There is a big difference between being something, and doing something. It might be the difference between doing something as a hobby, and actually being someone who is something. For example, I may have farm animals (chickens) in my back yard, and feed them and collect the eggs, maintain their enclosure, but that doesn’t make me a farmer. I do some things associate with farmers (well, some types of farmers, anyway) but that isn’t the same as being a farmer. Because being a farmer isn’t just about what you do, its about how you think, what you think about, how you prioritise tasks, the things you value, the sort of things you give up in order to be a farmer.
And so it is with being a Christian.
Doing Christian things isn’t the same as being a Christian. Being a Christian requires you to do Christian things, but doing Christian things doesn’t make you Christian. And Christians need to understand this.
Because there is a big difference between going to church each – or most, or even some – weeks, putting money in the offering – or have a regular direct deposit – and being a Christian. And the difference is not about going through a check list and ticking the box on more things you do – a bible study group, reading your Bible, and so on.

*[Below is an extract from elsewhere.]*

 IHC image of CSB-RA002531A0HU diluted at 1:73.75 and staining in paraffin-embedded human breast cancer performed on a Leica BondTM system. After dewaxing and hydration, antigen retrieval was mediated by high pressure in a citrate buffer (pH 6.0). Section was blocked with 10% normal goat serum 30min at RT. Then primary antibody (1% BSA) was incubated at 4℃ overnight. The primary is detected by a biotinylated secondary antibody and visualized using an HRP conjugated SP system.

Being a Christian is about what you take delight in, about what you prioritise, what you give up in order to follow Jesus, what your mind turns to and what you make decisions on the basis of.
Do you take delight in hearing the word of God on Sunday? Do you listen to what is said in the sermon as the Word of God is explained, delighting in the things you learn about God, thinking about them during the week, and giving thanks to God for his greatness and mercy? Or is what you do merely “go to church”?

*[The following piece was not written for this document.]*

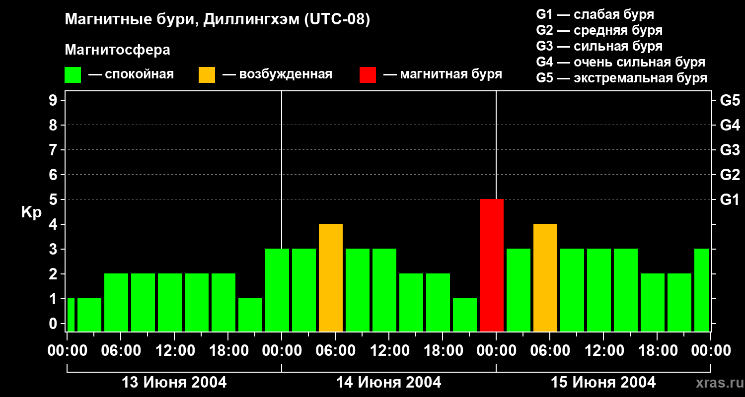 Магнитные бури в Диллингхэме — 15 июня 2004 года

Is what you do “read your Bible”? (Or perhaps just say that reading your Bible is important?) Or do you think about what God reveals in the Bible? Reflect on it as a way of talking to God in conversation with Him? Let it shape your life? Change in response to what you read, and how you reflect on it?
There is a big difference between doing nice things to or for others, and being loving. Between politeness on Sunday, and loving others through the week.
All of this may sound a little like things to do, like another list, but they are actually about the attitude you have towards the things you do. Are the things you do just actions, or are they a part of who you are? Do they shape you and define you, and guide your decisions and motivations through your whole life?
None of us are always being Christian. We still struggle with sin, self-focus and selfishness. So we all need to think about what we do and why, and be corrected by the Word of God, our Spirit guided conscience, and the other members of the Body of Christ (the Church). We need to constantly evaluate whether we have slipped into just doing, instead of being. Not to do more. But to turn our focus back to Jesus, and find our joy in Him.